Only the lines below between the ones containing "I piccoli cuori" and "对二胎家庭或追求更高居住品质", inclusive, are to be reproduced, each exactly as it stands.

MATERIAL SHOWN:
※
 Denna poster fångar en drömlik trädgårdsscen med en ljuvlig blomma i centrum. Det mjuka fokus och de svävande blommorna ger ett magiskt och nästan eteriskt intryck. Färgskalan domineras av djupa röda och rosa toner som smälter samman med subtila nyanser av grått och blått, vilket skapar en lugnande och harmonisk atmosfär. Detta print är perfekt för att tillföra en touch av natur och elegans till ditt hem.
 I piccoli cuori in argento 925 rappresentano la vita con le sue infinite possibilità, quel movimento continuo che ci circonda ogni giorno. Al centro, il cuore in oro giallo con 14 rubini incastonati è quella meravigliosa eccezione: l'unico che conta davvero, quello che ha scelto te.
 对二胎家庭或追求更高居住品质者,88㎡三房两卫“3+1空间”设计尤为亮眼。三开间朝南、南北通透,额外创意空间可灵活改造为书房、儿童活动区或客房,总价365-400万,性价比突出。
※
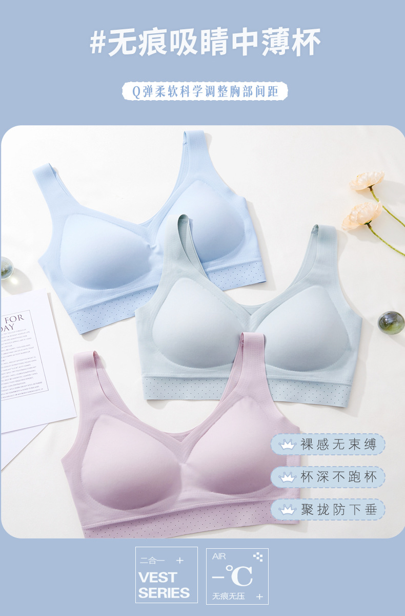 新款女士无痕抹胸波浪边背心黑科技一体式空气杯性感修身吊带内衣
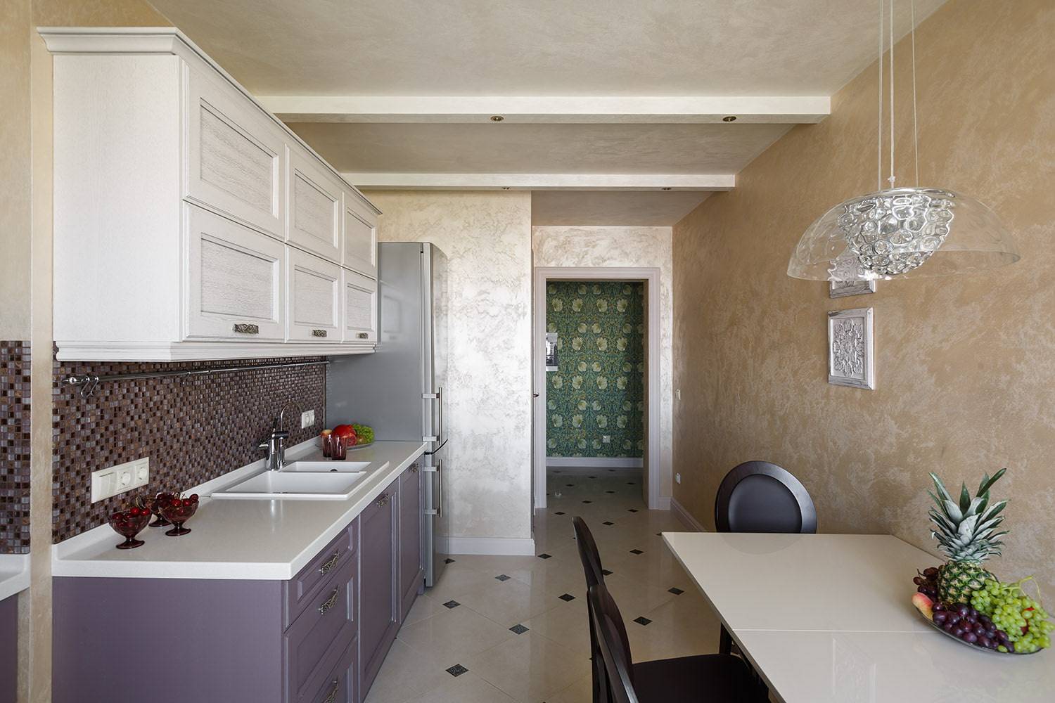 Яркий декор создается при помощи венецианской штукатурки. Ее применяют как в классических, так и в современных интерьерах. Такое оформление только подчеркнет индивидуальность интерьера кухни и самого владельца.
※
SOLUTION TO THIS PROBLEM:
 I piccoli cuori in argento 925 rappresentano la vita con le sue infinite possibilità, quel movimento continuo che ci circonda ogni giorno. Al centro, il cuore in oro giallo con 14 rubini incastonati è quella meravigliosa eccezione: l'unico che conta davvero, quello che ha scelto te.
 对二胎家庭或追求更高居住品质者,88㎡三房两卫“3+1空间”设计尤为亮眼。三开间朝南、南北通透,额外创意空间可灵活改造为书房、儿童活动区或客房,总价365-400万,性价比突出。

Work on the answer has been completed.